Data shown »
----------

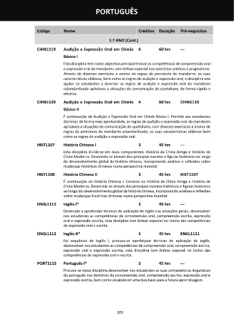 CHIN1120 Audição e Expressão Oral em Chinês 4 60 hrs CHIN1119
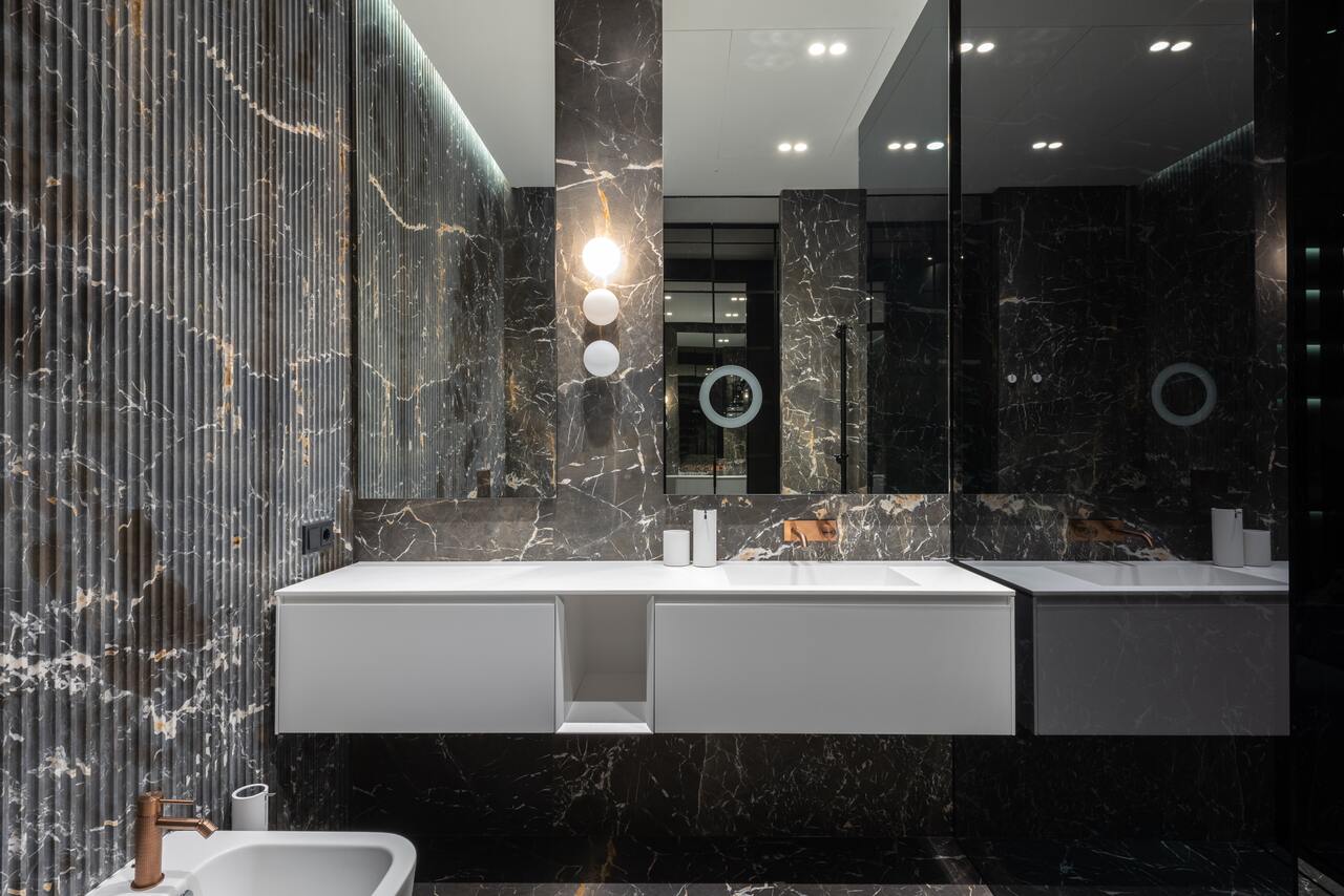 In this expansive bathroom designed by OreStudios, two sinks with matching cabinetry and countertops are positioned on opposite sides of the wall, while a built-in vanity in the same materials gives a space for getting ready and storing things on the other side.
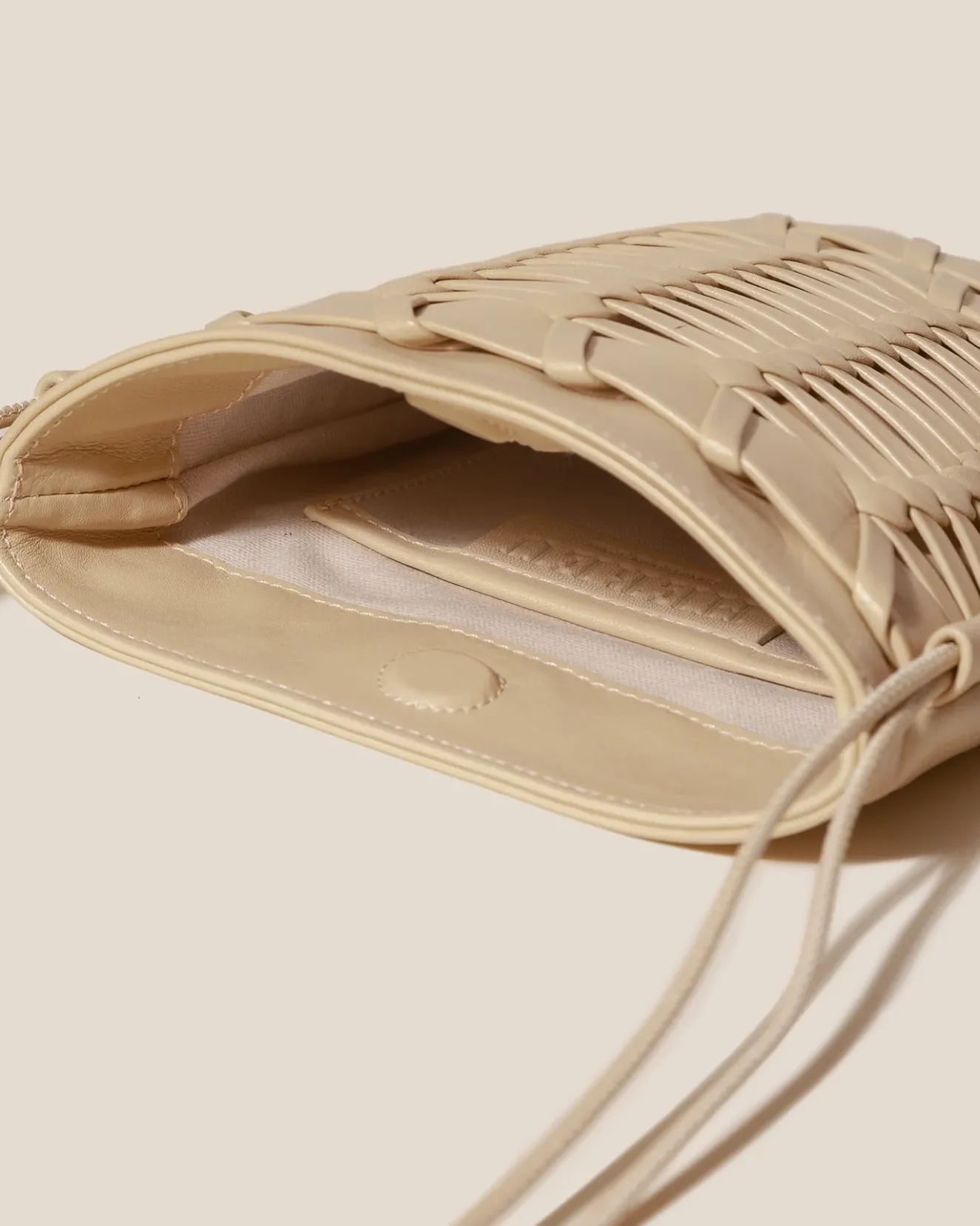 Flat Square Crossbody Bag Crafted In Soft Calf Leather, With A Handwoven Front Pocket.Made In Spain By Uniquely Talented Artisans, Celebrating Excellence In Craftsmanship.

----------

The problem » Line by line, return the listing above exactly, leaving out its pictures.

Task answer »
 CHIN1120 Audição e Expressão Oral em Chinês 4 60 hrs CHIN1119
 In this expansive bathroom designed by OreStudios, two sinks with matching cabinetry and countertops are positioned on opposite sides of the wall, while a built-in vanity in the same materials gives a space for getting ready and storing things on the other side.
 Flat Square Crossbody Bag Crafted In Soft Calf Leather, With A Handwoven Front Pocket.Made In Spain By Uniquely Talented Artisans, Celebrating Excellence In Craftsmanship.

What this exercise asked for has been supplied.